The book has three parts – one set of essays on reading, another on ‘seeing’, and the third on assorted subjects, including feminism, Yugoslavia, and intellectualism. Who is a true aesthete, she asks throughout the book – one who reduces the set of what can be considered beautiful by a restrictive set of formal rules, or one who is able to see – and help others see – beauty in a large number of things? Ruling in favour of the latter, she then demonstrates the truth in the statement by writing with authority and verve on so many subjects – photography, garden art, medieval Dutch paintings, modern art, cinema, ballet, modern dance forms, Japanese puppet shows (bunraku) and opera. Her analysis of these topics was highly instructive for a layman like me, and while the section on reading was the one that resonated most with my own interests, there was much to learn for me there as well. Sontag peppers her essays in this section with the works of writers she admires, dissecting them to illustrate her many points about reading and writing. I had never previously heard of many of these writers – Glenway Wescott, Elizabeth Hardwick, Machado de Assis, Adam Zagajewski, Robert Walser, Danilo Kis, Witold Gombrowicz and Juan Rulfo (two Americans, a Brazilian, two Poles, a Scot, a Serb, and a Mexican). She also discusses authors that I had always wanted to read (Ford Madox Ford, Josef Brodsky, WG Sebald), and then, finally, two (only two!) whose works I am familiar with – Roland Barthes and Jorge Luis Borges. Reading Sontag on Barthes, in particular, was exhilarating, and vertiginious – I am conscious that I am now writing about my thoughts when I read Sontag’s writings about what she feels about a writer (Roland Barthes) who mostly wrote about the art of writing – it is like I am stepping between two mirrors, the one called Reading, the other Writing.

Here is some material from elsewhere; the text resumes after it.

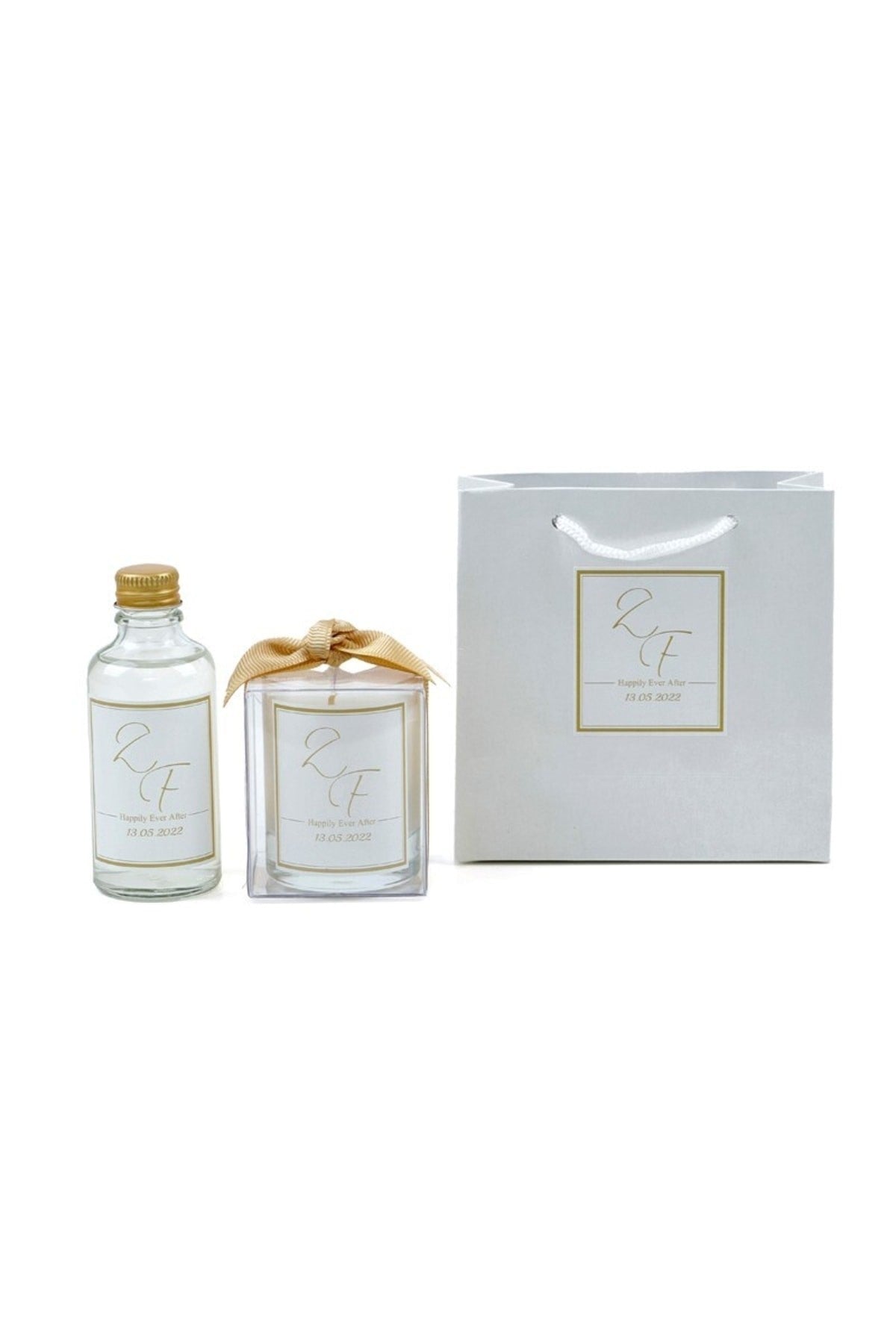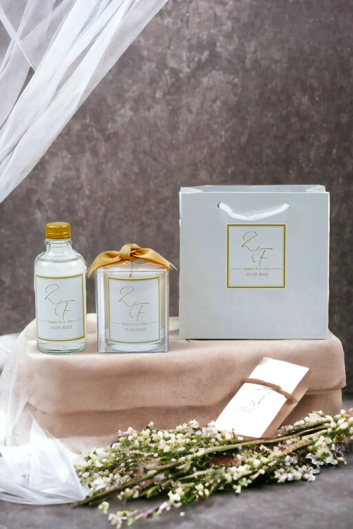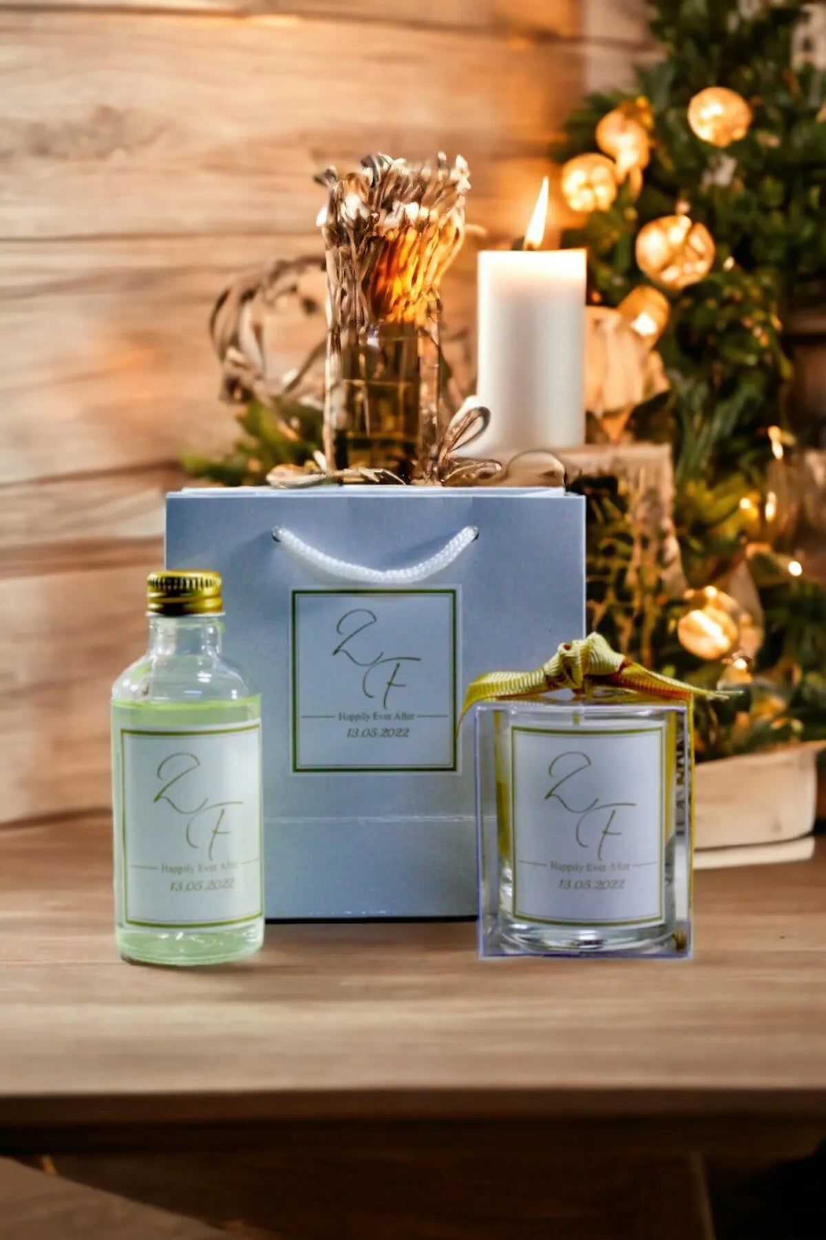 Kişiye Özel Düğün& Nikah şekeri Çantalı Kolonya ve Bardak Mum Seti 10'lu

Susan Sontag was possibly the last of her kind – the American Intellectual. As someone who made it her lifelong business to be aware of and interested in all cultural and moral questions everywhere, she realized that the biggest moral question of our times is the obsolescence of intellectualism itself. When asked about the relevance and role of intellectuals in today’s world, she had this to say:
“There are two tasks for intellectuals …one task, educational, is to promote dialogue, support the right of a multiplicity of voices to be heard, strengthen scepticism about received opinion… the other task is adversarial. There has been a daunting shift in moral attitudes …its hallmark is the discrediting of all idealisms…of high standards of all kinds, cultural as well as moral.”
To keep the standards of civilization high, to confront and confound the forces of ignorance and brutality that question the need for standards, that is what the world needs intellectuals like Susan Sontag for.